YOUR INSTRUCTIONS
Output every record exactly, and nothing more.

BEGIN DATA

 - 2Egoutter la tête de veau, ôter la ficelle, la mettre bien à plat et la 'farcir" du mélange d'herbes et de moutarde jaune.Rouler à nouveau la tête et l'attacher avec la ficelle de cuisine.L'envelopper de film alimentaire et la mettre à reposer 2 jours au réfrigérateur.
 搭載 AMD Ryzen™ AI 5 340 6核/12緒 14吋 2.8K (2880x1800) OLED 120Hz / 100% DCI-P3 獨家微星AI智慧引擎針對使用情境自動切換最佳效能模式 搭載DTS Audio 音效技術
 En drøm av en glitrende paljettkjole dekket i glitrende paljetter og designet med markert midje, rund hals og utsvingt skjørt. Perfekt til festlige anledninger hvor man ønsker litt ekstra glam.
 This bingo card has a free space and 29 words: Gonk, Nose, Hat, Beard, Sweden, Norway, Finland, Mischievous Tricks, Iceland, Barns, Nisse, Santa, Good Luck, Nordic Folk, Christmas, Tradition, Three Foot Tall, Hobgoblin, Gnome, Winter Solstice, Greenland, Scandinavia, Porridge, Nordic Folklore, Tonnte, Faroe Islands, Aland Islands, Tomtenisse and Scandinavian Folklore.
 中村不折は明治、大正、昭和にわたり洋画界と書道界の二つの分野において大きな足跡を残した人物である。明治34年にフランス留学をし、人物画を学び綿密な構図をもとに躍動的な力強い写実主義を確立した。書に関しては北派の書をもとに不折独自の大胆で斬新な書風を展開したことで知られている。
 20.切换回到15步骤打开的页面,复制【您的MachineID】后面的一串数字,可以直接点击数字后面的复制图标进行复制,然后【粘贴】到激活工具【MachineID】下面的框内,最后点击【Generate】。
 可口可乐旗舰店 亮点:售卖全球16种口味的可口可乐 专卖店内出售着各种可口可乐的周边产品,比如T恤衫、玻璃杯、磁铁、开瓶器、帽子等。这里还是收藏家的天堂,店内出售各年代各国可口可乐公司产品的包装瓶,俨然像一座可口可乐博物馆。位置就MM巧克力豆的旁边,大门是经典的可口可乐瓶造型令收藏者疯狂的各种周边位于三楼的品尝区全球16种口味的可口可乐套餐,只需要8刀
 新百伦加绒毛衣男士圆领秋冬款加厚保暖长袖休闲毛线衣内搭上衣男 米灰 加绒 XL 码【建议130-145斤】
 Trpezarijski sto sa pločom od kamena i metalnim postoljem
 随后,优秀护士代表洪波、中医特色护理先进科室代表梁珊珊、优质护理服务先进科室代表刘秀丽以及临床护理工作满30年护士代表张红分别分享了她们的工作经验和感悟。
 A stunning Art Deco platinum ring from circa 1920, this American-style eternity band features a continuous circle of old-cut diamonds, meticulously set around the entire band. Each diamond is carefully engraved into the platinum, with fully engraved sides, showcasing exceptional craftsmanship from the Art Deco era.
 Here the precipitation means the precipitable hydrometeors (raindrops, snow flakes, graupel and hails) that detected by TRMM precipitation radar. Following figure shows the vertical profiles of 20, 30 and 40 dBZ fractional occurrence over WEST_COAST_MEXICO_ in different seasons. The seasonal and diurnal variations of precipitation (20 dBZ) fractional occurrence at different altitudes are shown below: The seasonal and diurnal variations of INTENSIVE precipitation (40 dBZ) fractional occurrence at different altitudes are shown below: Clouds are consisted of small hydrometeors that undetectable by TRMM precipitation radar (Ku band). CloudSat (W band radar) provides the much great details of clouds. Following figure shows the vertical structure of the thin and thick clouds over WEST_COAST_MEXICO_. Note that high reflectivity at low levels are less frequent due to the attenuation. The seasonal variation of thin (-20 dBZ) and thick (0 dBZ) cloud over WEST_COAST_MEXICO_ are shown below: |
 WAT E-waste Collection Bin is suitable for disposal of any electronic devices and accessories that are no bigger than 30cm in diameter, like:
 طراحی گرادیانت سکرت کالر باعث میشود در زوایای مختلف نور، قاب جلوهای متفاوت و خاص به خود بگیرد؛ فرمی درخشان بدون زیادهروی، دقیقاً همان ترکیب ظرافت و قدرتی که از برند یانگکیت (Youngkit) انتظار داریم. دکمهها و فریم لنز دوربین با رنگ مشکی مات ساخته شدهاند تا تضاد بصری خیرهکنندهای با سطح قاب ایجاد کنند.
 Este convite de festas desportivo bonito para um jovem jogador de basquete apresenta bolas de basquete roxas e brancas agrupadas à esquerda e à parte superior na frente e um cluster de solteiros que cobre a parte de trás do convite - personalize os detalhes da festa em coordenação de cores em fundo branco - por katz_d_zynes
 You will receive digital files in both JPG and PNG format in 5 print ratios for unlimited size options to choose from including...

END DATA

TASK SOLUTION
 - 2Egoutter la tête de veau, ôter la ficelle, la mettre bien à plat et la 'farcir" du mélange d'herbes et de moutarde jaune.Rouler à nouveau la tête et l'attacher avec la ficelle de cuisine.L'envelopper de film alimentaire et la mettre à reposer 2 jours au réfrigérateur.
 搭載 AMD Ryzen™ AI 5 340 6核/12緒 14吋 2.8K (2880x1800) OLED 120Hz / 100% DCI-P3 獨家微星AI智慧引擎針對使用情境自動切換最佳效能模式 搭載DTS Audio 音效技術
 En drøm av en glitrende paljettkjole dekket i glitrende paljetter og designet med markert midje, rund hals og utsvingt skjørt. Perfekt til festlige anledninger hvor man ønsker litt ekstra glam.
 This bingo card has a free space and 29 words: Gonk, Nose, Hat, Beard, Sweden, Norway, Finland, Mischievous Tricks, Iceland, Barns, Nisse, Santa, Good Luck, Nordic Folk, Christmas, Tradition, Three Foot Tall, Hobgoblin, Gnome, Winter Solstice, Greenland, Scandinavia, Porridge, Nordic Folklore, Tonnte, Faroe Islands, Aland Islands, Tomtenisse and Scandinavian Folklore.
 中村不折は明治、大正、昭和にわたり洋画界と書道界の二つの分野において大きな足跡を残した人物である。明治34年にフランス留学をし、人物画を学び綿密な構図をもとに躍動的な力強い写実主義を確立した。書に関しては北派の書をもとに不折独自の大胆で斬新な書風を展開したことで知られている。
 20.切换回到15步骤打开的页面,复制【您的MachineID】后面的一串数字,可以直接点击数字后面的复制图标进行复制,然后【粘贴】到激活工具【MachineID】下面的框内,最后点击【Generate】。
 可口可乐旗舰店 亮点:售卖全球16种口味的可口可乐 专卖店内出售着各种可口可乐的周边产品,比如T恤衫、玻璃杯、磁铁、开瓶器、帽子等。这里还是收藏家的天堂,店内出售各年代各国可口可乐公司产品的包装瓶,俨然像一座可口可乐博物馆。位置就MM巧克力豆的旁边,大门是经典的可口可乐瓶造型令收藏者疯狂的各种周边位于三楼的品尝区全球16种口味的可口可乐套餐,只需要8刀
 新百伦加绒毛衣男士圆领秋冬款加厚保暖长袖休闲毛线衣内搭上衣男 米灰 加绒 XL 码【建议130-145斤】
 Trpezarijski sto sa pločom od kamena i metalnim postoljem
 随后,优秀护士代表洪波、中医特色护理先进科室代表梁珊珊、优质护理服务先进科室代表刘秀丽以及临床护理工作满30年护士代表张红分别分享了她们的工作经验和感悟。
 A stunning Art Deco platinum ring from circa 1920, this American-style eternity band features a continuous circle of old-cut diamonds, meticulously set around the entire band. Each diamond is carefully engraved into the platinum, with fully engraved sides, showcasing exceptional craftsmanship from the Art Deco era.
 Here the precipitation means the precipitable hydrometeors (raindrops, snow flakes, graupel and hails) that detected by TRMM precipitation radar. Following figure shows the vertical profiles of 20, 30 and 40 dBZ fractional occurrence over WEST_COAST_MEXICO_ in different seasons. The seasonal and diurnal variations of precipitation (20 dBZ) fractional occurrence at different altitudes are shown below: The seasonal and diurnal variations of INTENSIVE precipitation (40 dBZ) fractional occurrence at different altitudes are shown below: Clouds are consisted of small hydrometeors that undetectable by TRMM precipitation radar (Ku band). CloudSat (W band radar) provides the much great details of clouds. Following figure shows the vertical structure of the thin and thick clouds over WEST_COAST_MEXICO_. Note that high reflectivity at low levels are less frequent due to the attenuation. The seasonal variation of thin (-20 dBZ) and thick (0 dBZ) cloud over WEST_COAST_MEXICO_ are shown below: |
 WAT E-waste Collection Bin is suitable for disposal of any electronic devices and accessories that are no bigger than 30cm in diameter, like:
 طراحی گرادیانت سکرت کالر باعث میشود در زوایای مختلف نور، قاب جلوهای متفاوت و خاص به خود بگیرد؛ فرمی درخشان بدون زیادهروی، دقیقاً همان ترکیب ظرافت و قدرتی که از برند یانگکیت (Youngkit) انتظار داریم. دکمهها و فریم لنز دوربین با رنگ مشکی مات ساخته شدهاند تا تضاد بصری خیرهکنندهای با سطح قاب ایجاد کنند.
 Este convite de festas desportivo bonito para um jovem jogador de basquete apresenta bolas de basquete roxas e brancas agrupadas à esquerda e à parte superior na frente e um cluster de solteiros que cobre a parte de trás do convite - personalize os detalhes da festa em coordenação de cores em fundo branco - por katz_d_zynes
 You will receive digital files in both JPG and PNG format in 5 print ratios for unlimited size options to choose from including...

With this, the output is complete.